(THE PROBLEM): Transcribe nothing except the lines below that run from the one with "of address. |" to the one with "隆崗寺位于偏關(guān)縣", ends included, and do not copy any picture.

BEGIN GIVEN DATA

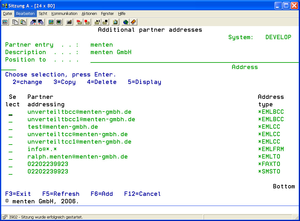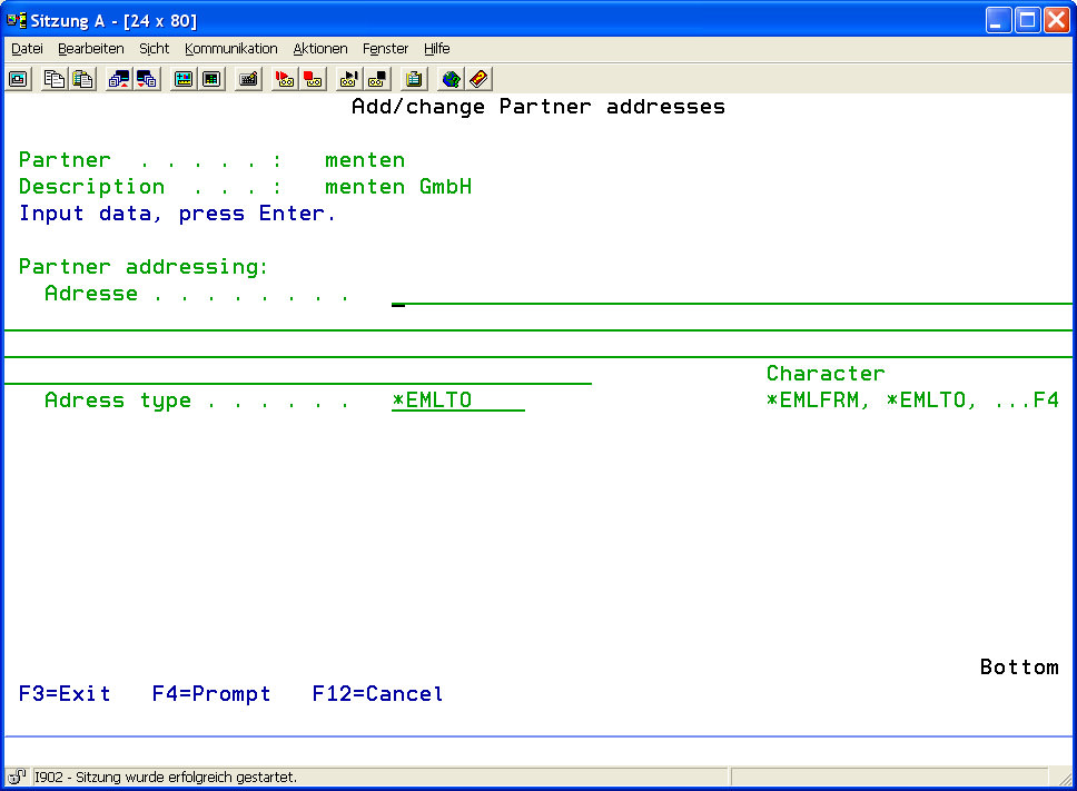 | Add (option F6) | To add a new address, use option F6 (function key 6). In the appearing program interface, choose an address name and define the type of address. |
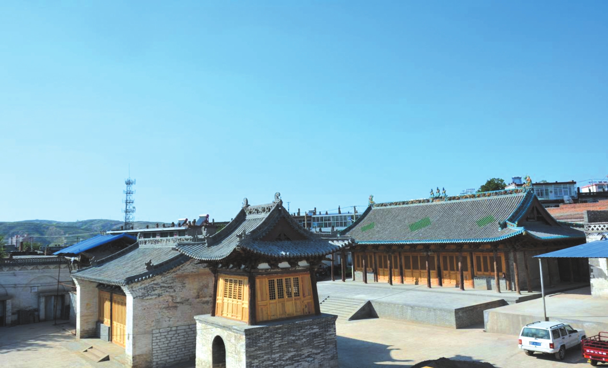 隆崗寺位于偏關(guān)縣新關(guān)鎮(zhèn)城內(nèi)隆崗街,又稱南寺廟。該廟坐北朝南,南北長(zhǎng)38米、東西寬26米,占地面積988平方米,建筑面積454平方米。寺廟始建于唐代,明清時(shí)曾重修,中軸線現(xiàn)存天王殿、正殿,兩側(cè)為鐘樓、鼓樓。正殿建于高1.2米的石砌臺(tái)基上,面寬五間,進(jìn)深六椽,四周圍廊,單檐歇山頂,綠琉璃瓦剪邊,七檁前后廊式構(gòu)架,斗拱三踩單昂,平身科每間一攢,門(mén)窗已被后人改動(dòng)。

END GIVEN DATA
BEGIN GIVEN DATA

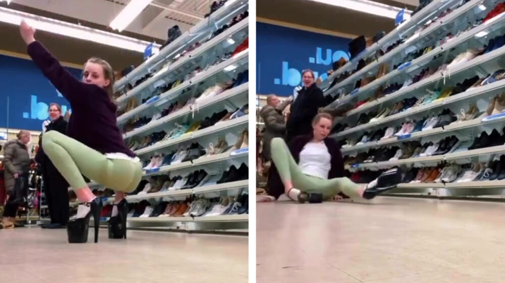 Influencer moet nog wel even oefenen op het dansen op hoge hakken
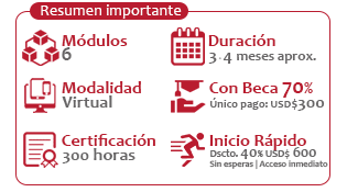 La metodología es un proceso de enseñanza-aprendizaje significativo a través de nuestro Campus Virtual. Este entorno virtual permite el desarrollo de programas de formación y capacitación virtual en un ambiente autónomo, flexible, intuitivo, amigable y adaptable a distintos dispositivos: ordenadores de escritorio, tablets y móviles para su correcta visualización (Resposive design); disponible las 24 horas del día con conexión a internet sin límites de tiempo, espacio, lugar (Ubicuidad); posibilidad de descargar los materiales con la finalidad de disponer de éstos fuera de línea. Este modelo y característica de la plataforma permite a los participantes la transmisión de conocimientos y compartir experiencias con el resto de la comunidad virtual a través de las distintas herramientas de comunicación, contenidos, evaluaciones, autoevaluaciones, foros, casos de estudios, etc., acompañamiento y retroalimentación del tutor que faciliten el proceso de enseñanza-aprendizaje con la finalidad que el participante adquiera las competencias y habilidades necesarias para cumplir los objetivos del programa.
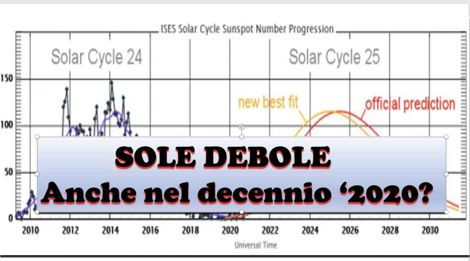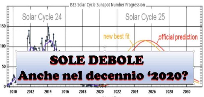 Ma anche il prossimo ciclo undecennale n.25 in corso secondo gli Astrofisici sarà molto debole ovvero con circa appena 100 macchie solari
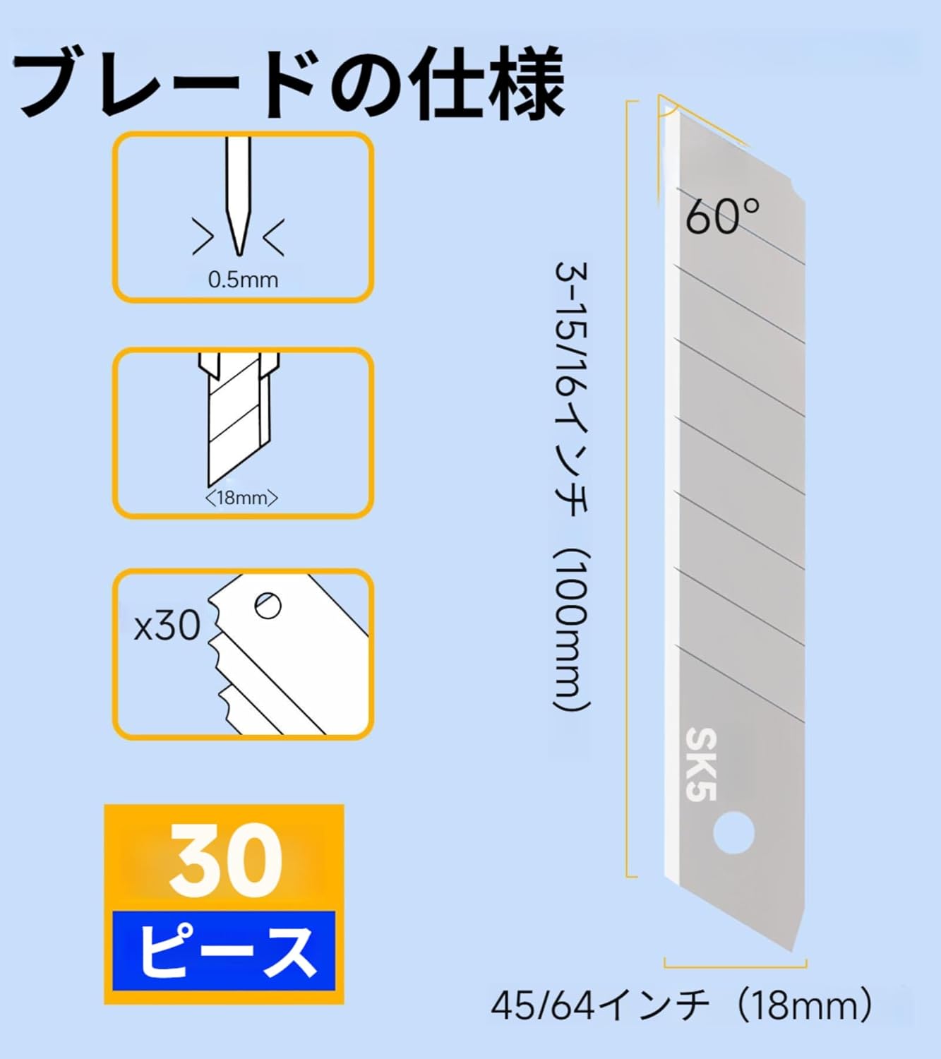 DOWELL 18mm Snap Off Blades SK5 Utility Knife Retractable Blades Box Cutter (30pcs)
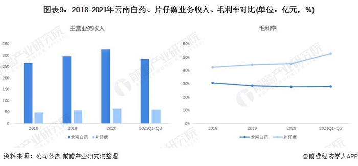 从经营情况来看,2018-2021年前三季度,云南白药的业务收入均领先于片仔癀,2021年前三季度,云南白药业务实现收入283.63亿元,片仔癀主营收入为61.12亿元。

END GIVEN DATA

(RESPONSE TO THE TASK):
 | Add (option F6) | To add a new address, use option F6 (function key 6). In the appearing program interface, choose an address name and define the type of address. |
 隆崗寺位于偏關(guān)縣新關(guān)鎮(zhèn)城內(nèi)隆崗街,又稱南寺廟。該廟坐北朝南,南北長(zhǎng)38米、東西寬26米,占地面積988平方米,建筑面積454平方米。寺廟始建于唐代,明清時(shí)曾重修,中軸線現(xiàn)存天王殿、正殿,兩側(cè)為鐘樓、鼓樓。正殿建于高1.2米的石砌臺(tái)基上,面寬五間,進(jìn)深六椽,四周圍廊,單檐歇山頂,綠琉璃瓦剪邊,七檁前后廊式構(gòu)架,斗拱三踩單昂,平身科每間一攢,門(mén)窗已被后人改動(dòng)。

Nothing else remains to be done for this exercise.